Note: upgrading to recent versions of the packages will patch the installed files for you.

Which indexes are defined?

  • Listing indexes using xsltproc
  • Replace INSTANCE_NAME below
  • on latest versions search on metadata field of biblio_metadata table.
 xsltproc /etc/koha/zebradb/marc_defs/marc21/biblios/biblio-zebra-indexdefs.xsl \
 <(sudo koha-mysql INSTANCE_NAME <<< \
 "select  marcxml from biblioitems where ExtractValue( marcxml, '//datafield[@tag=035]/subfield[@code=\"a\"]' ) !=  limit 1\\G" | \
 sed -n 's/marcxml: //;2,$p' )

Record length of 101459 is larger than the MARC spec allows (99999 bytes)

The MARC disk format (ISO 2709) is old and crappy by modern standards. One part of this crappiness reveals itself in the fact that a MARC record can not be larger than 99,999 bytes. This will show up if you are trying to index a record that has a large number of items (common with serials, for example), or just has a lot of text in the record itself.

Koha can do the indexing by using the MARCXML format rather than ISO 2709, and this gets around the problem. If you add '-x' to the reindex_zebra.pl command when indexing biblios, it will do this. You can't use this when indexing authorities, but that matters less.

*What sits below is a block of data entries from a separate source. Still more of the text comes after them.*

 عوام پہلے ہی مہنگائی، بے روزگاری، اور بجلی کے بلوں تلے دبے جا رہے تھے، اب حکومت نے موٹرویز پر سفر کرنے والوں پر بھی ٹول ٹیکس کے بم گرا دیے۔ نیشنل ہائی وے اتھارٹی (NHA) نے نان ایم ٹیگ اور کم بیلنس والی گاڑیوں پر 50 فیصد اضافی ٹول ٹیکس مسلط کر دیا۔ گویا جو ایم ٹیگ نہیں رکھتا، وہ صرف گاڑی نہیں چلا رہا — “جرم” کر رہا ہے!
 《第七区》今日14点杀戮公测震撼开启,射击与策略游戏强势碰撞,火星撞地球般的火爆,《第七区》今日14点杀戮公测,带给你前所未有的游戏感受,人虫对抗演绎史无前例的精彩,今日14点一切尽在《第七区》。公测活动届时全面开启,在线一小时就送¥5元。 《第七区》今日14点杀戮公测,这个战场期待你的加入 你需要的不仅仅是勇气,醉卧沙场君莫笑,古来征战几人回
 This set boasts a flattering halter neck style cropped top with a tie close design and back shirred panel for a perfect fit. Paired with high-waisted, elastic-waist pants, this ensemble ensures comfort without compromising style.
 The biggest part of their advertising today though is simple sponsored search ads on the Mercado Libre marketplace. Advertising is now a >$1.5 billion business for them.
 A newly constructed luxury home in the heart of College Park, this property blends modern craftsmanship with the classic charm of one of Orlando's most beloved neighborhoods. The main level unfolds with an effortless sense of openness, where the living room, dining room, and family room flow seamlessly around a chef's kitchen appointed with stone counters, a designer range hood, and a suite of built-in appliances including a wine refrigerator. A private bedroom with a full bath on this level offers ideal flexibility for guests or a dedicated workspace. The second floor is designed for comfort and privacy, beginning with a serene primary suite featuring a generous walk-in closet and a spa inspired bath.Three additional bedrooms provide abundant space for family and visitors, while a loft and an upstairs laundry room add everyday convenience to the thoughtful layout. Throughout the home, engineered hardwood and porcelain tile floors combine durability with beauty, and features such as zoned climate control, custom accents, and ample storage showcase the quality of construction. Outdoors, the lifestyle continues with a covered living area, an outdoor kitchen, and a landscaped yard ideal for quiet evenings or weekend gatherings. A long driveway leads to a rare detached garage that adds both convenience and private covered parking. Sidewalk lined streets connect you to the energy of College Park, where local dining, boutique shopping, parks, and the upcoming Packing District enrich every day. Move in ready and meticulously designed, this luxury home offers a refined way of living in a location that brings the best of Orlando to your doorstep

This has been the default in package installations for some time.

How many records are searchable?

There is probably more than way to do this, but following search will return all records indexed in your library:

 allrecords,AlwaysMatches=""

Comparing staff and OPAC can make sense, if you are using OPACSuppression. You can also compare the number to the number of records in your installation:

 SELECT COUNT(biblionumber) FROM biblio;

Records with lots of items not indexing

You may notice that a record with a lot of items isn't retrievable using Zebra. It's probably because it's over Zebra's default limit of 1MB.

You can increase this limit (e.g. to 4096) by changing "zebra_max_record_size" in koha-conf.xml and try re-indexing the problem records. They will likely be slow to load, but they should index successfully now.

Searching and Searching Issues

Manually searching with yaz-client

yaz-client is the command-line tool that connects directly to zebra.

A typical connection looks like:

$ yaz-client -c /etc/koha/zebradb/ccl.properties unix:/var/run/koha/zebradb/bibliosocket


A typical connection on a package install looks like:

$ yaz-client -c /etc/koha/zebradb/ccl.properties unix:/var/run/koha/$instance/bibliosocket

where $instance is the name of the instance you'd like to connect to.

The -c /etc/koha/zebradb/ccl.properties portion gives yaz-client the ability to use ccl, a simpler way to state searches.  Koha uses ccl when it generates search strings, so when you do tests manually, it helps to use this -c flag.
Alternatively, once connected to Zebra, you can use set_cclfile /etc/koha/zebradb/ccl.properties to tell Zebra to use the ccl.properties file from Koha.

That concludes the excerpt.